++++ Supplied material ++++

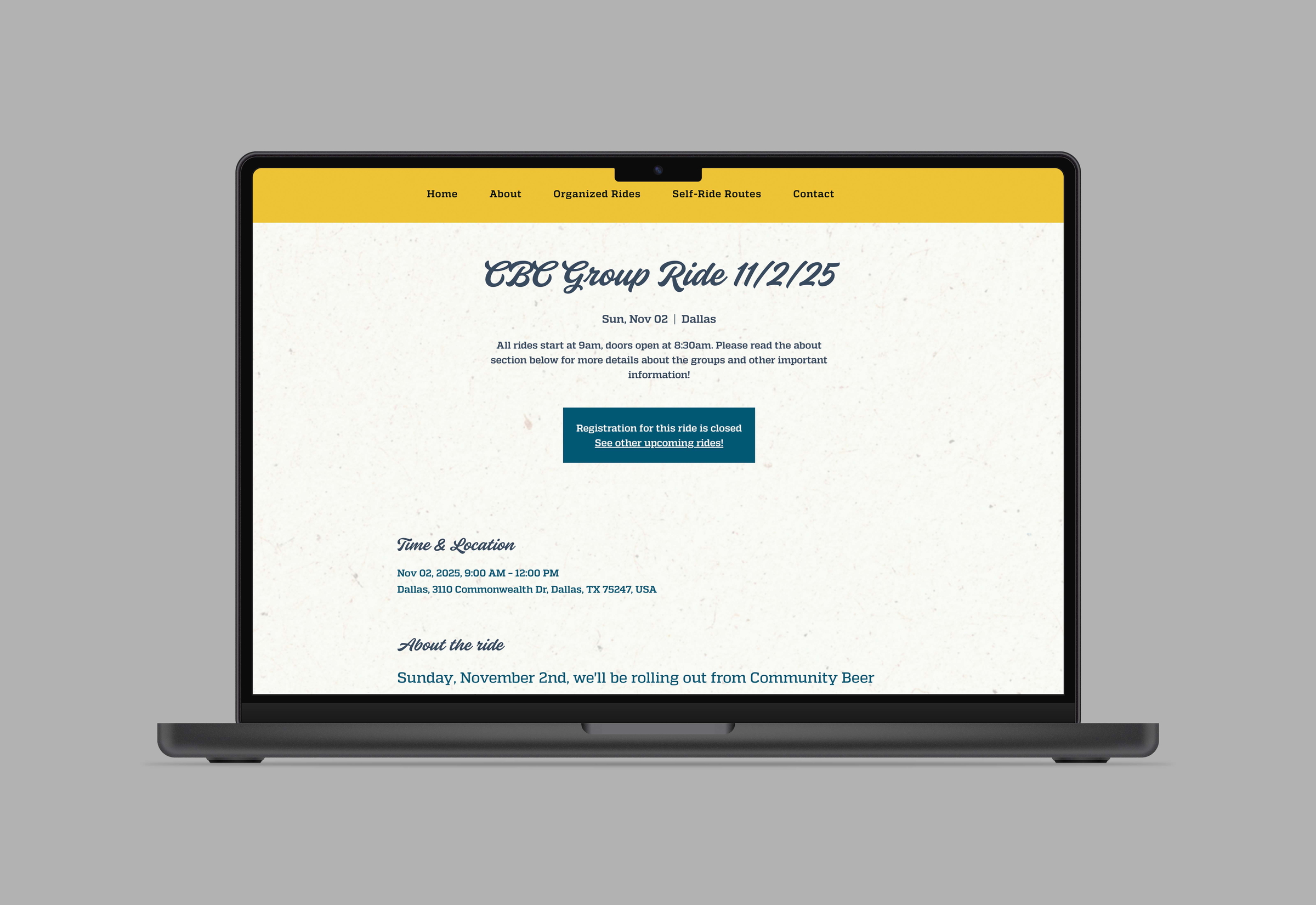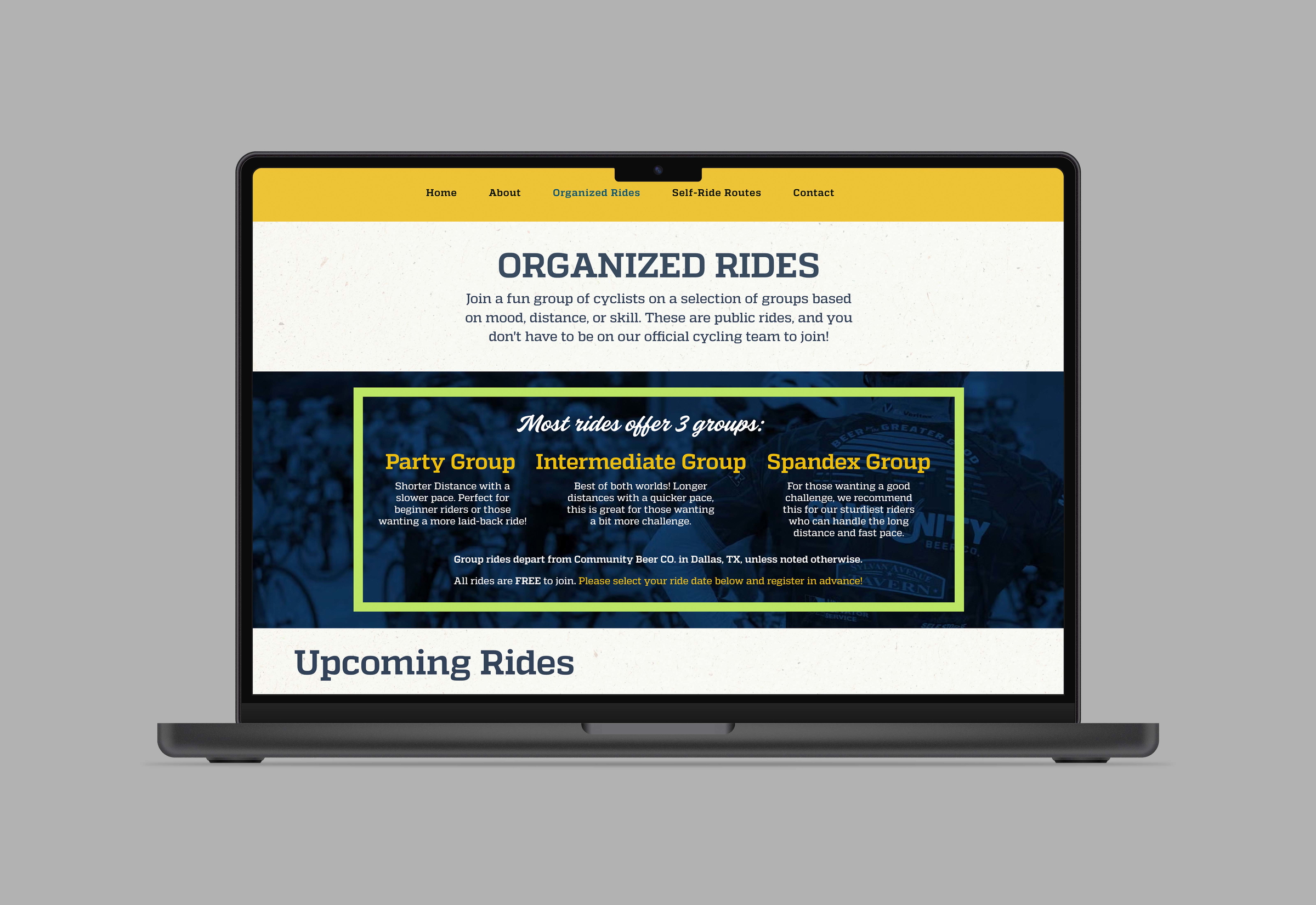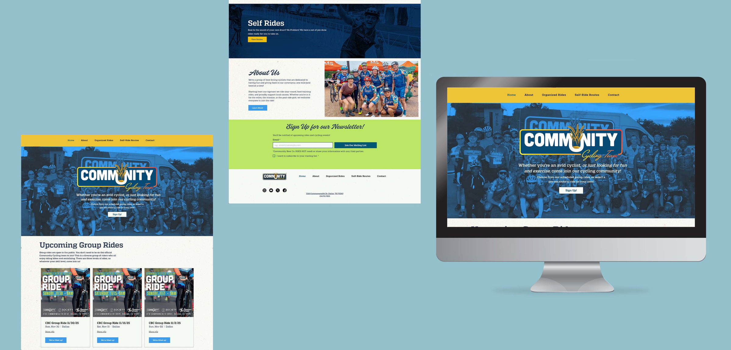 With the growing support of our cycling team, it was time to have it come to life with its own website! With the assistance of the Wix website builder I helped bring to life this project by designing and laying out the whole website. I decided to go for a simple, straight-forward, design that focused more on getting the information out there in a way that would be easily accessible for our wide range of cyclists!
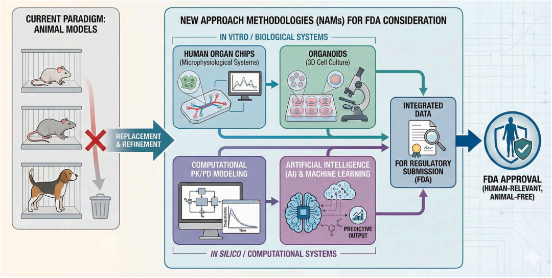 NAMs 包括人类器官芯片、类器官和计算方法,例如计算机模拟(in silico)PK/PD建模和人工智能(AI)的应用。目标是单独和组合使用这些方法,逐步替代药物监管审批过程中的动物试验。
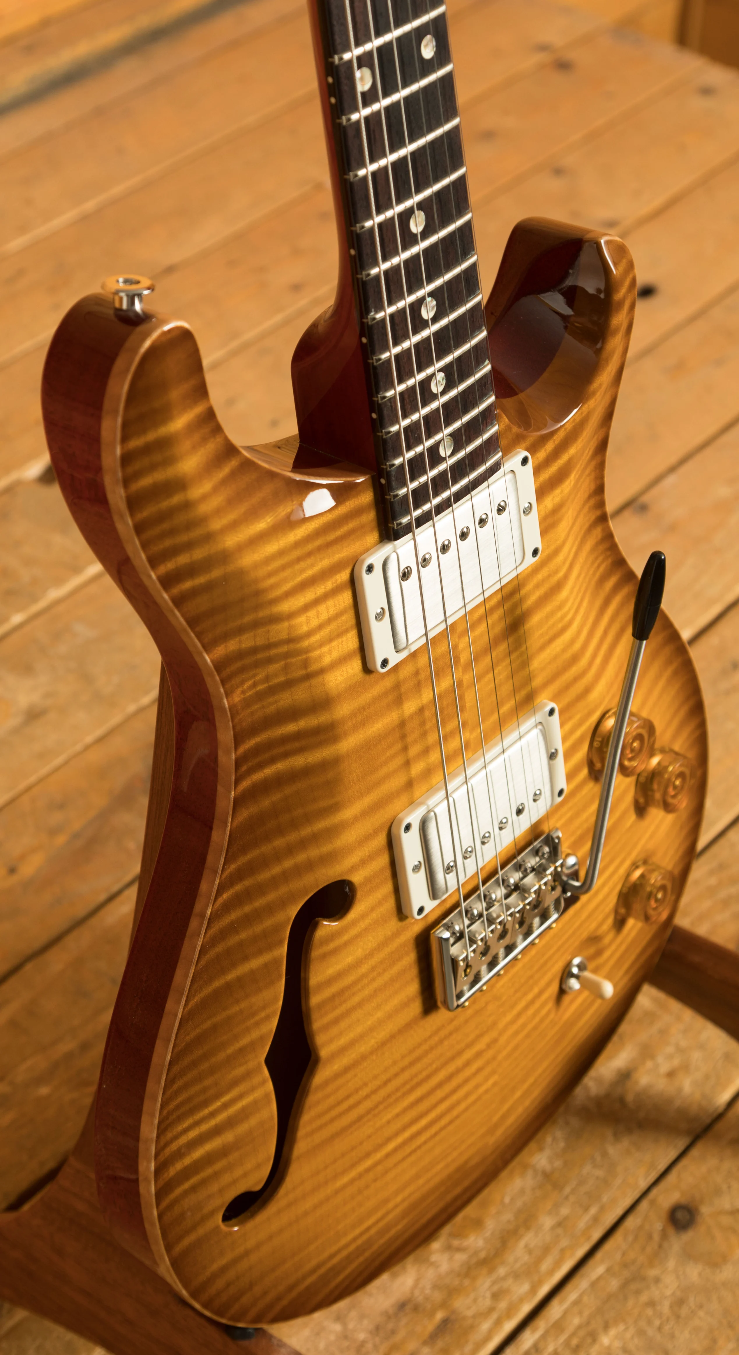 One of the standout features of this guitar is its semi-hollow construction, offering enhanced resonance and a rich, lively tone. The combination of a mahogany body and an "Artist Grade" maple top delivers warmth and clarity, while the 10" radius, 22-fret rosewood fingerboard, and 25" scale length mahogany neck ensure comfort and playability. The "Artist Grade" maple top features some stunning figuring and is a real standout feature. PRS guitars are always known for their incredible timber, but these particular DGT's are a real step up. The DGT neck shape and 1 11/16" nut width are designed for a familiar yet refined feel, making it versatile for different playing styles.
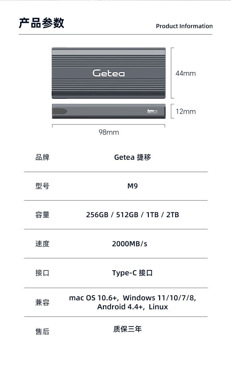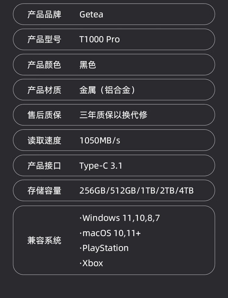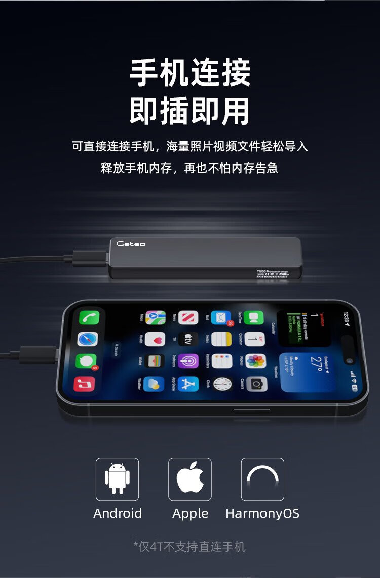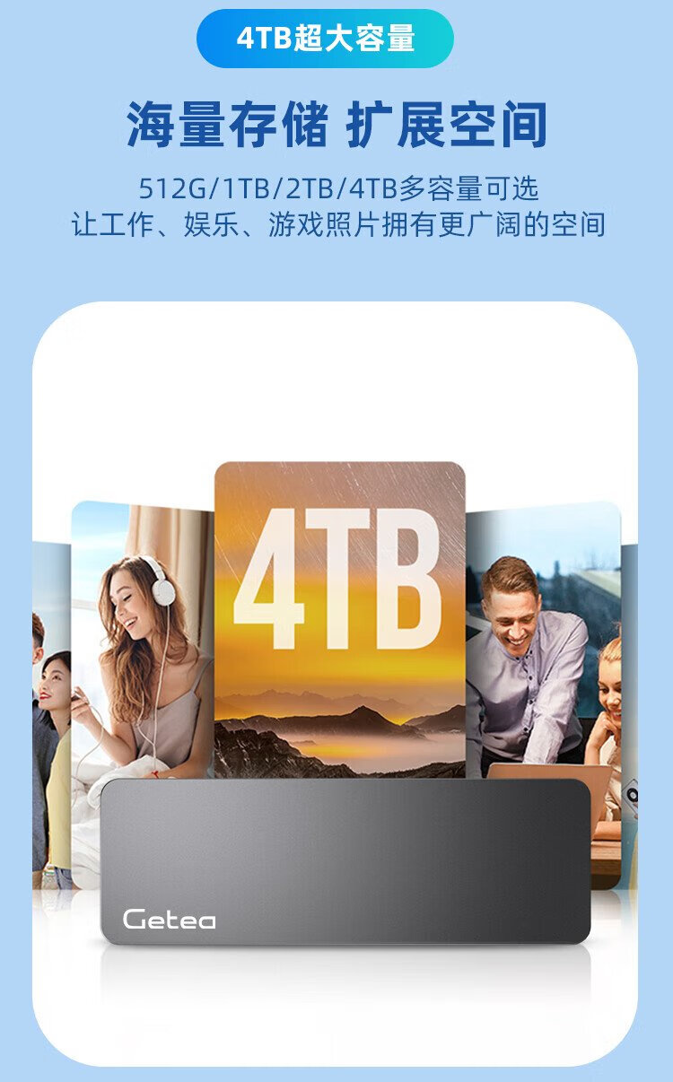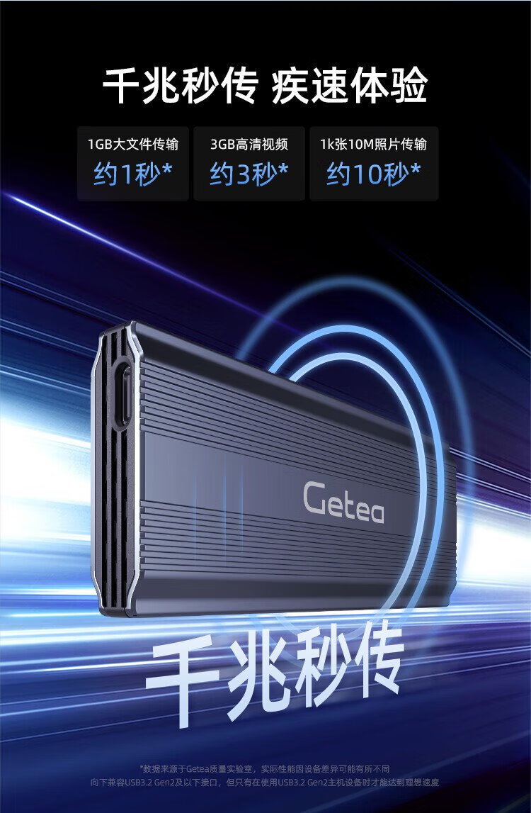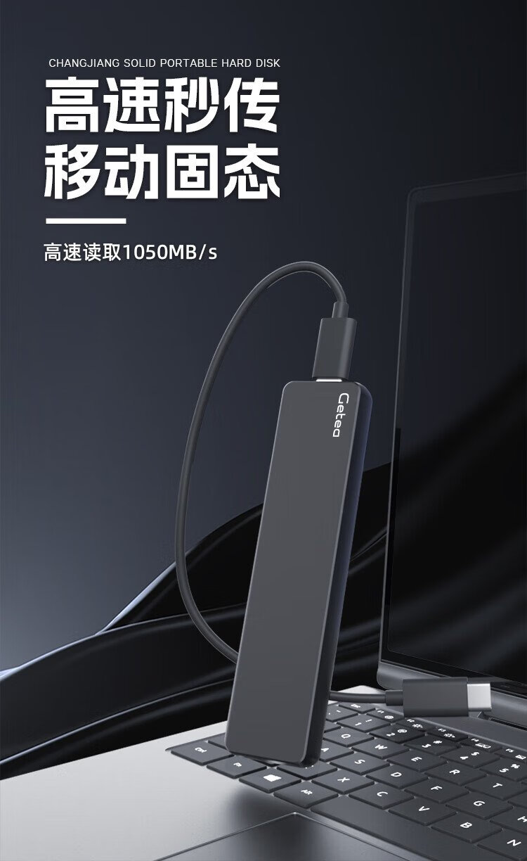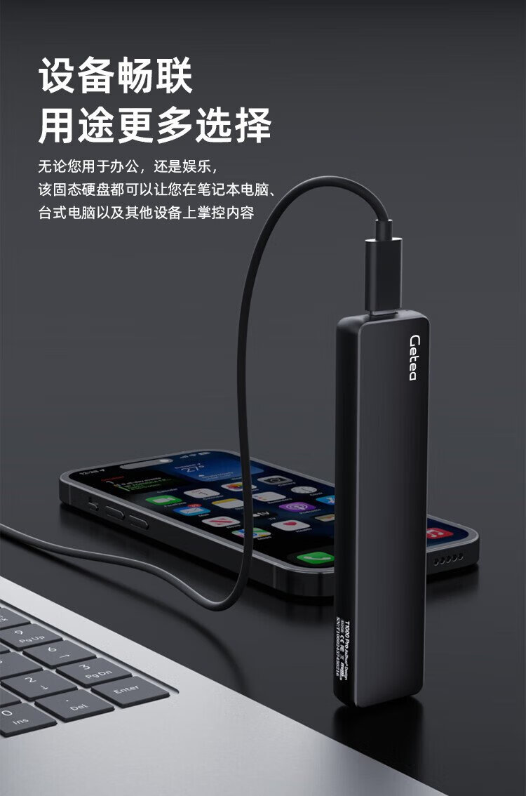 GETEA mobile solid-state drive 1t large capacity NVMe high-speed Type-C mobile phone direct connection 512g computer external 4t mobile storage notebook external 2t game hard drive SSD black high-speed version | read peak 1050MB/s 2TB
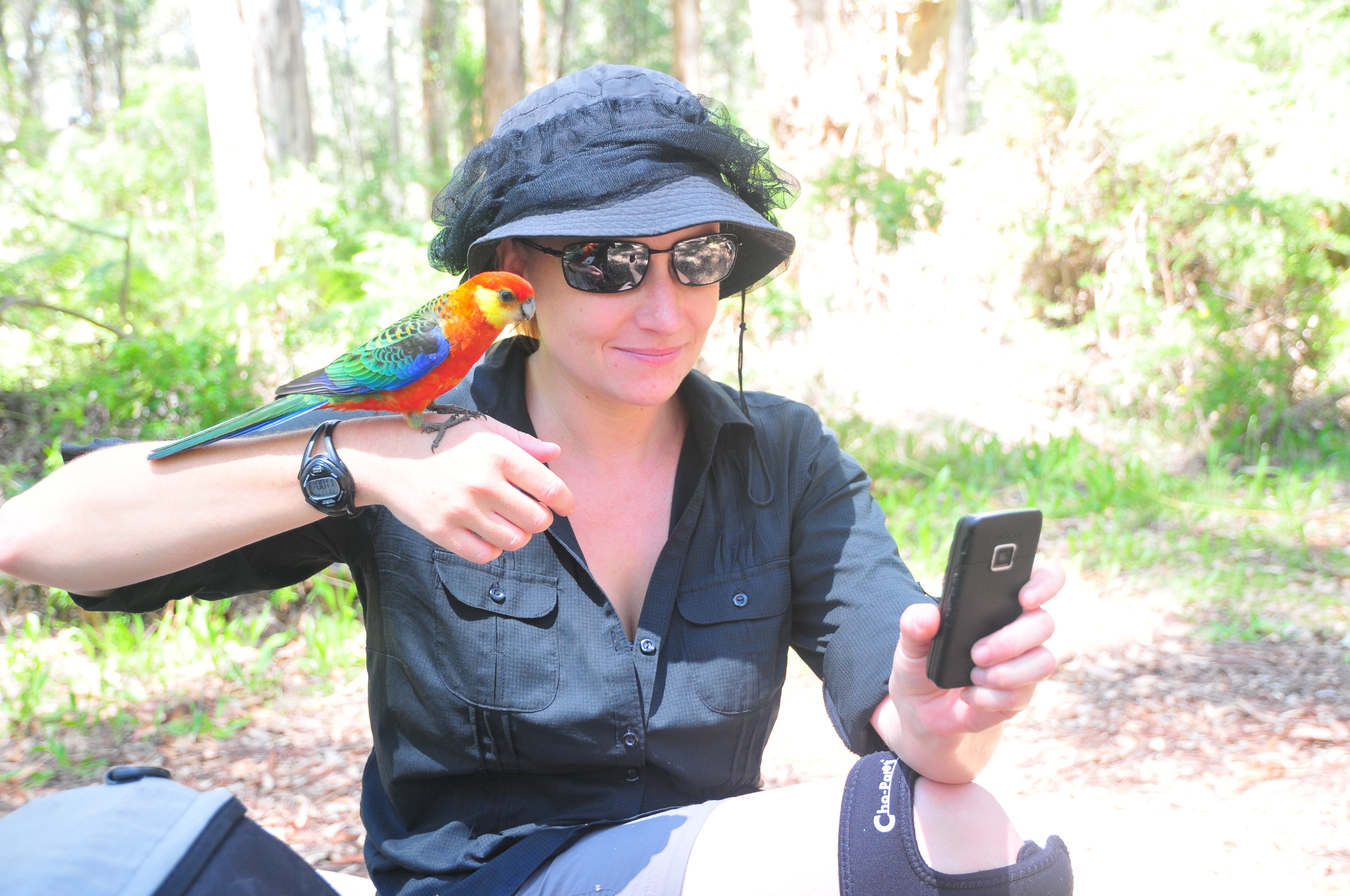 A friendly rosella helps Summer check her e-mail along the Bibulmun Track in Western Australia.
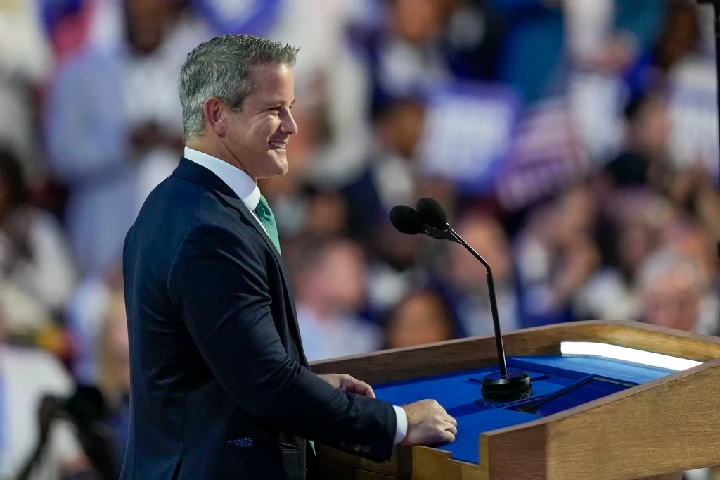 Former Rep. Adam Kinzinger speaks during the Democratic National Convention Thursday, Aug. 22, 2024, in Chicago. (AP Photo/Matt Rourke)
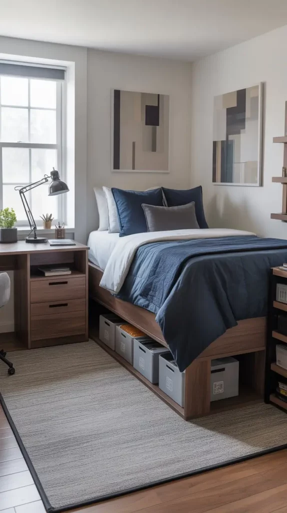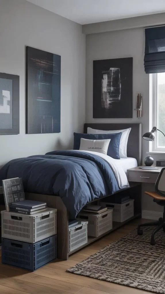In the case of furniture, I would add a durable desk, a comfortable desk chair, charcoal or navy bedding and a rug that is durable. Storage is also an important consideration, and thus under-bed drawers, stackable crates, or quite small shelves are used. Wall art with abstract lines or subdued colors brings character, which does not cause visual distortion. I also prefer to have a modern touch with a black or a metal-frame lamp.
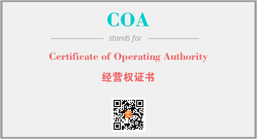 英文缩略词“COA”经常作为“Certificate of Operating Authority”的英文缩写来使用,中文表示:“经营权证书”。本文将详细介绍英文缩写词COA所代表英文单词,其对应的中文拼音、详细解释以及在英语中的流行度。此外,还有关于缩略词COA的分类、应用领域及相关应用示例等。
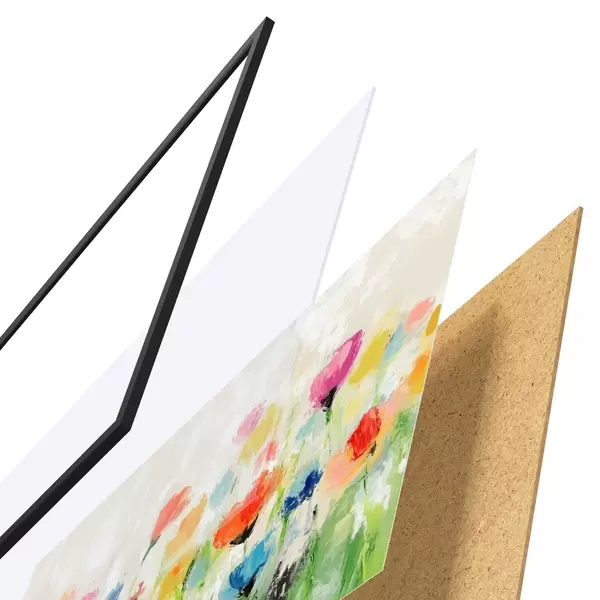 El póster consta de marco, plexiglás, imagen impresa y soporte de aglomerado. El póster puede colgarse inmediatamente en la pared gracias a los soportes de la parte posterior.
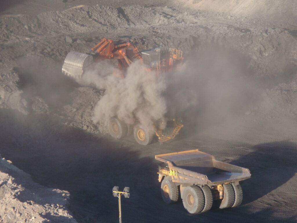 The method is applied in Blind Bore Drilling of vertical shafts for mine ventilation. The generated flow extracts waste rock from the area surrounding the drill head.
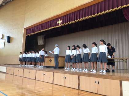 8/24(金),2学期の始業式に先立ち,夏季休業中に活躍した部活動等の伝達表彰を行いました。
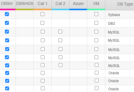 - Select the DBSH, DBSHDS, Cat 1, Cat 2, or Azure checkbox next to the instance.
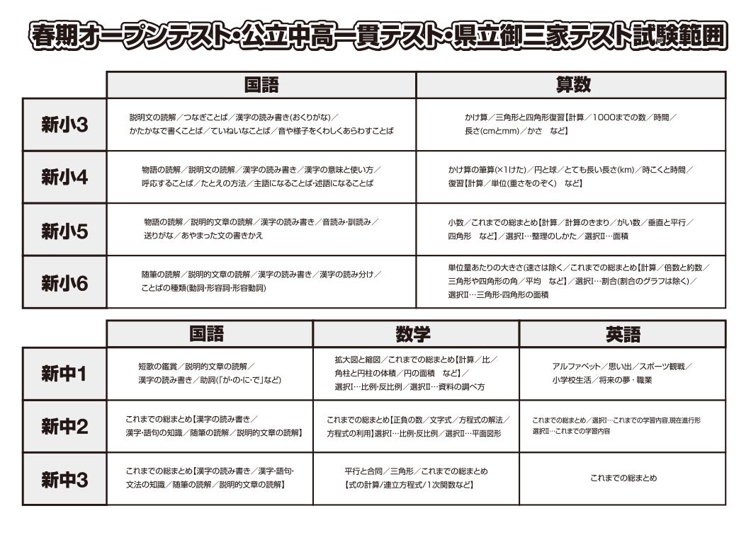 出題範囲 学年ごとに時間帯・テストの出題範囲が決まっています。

++++

* **Assignment**: Reproduce exactly the lines that run from the line holding "The method is" through the final line of the entries, and omit every picture.

* **Answer section**:
 The method is applied in Blind Bore Drilling of vertical shafts for mine ventilation. The generated flow extracts waste rock from the area surrounding the drill head.
 8/24(金),2学期の始業式に先立ち,夏季休業中に活躍した部活動等の伝達表彰を行いました。
 - Select the DBSH, DBSHDS, Cat 1, Cat 2, or Azure checkbox next to the instance.
 出題範囲 学年ごとに時間帯・テストの出題範囲が決まっています。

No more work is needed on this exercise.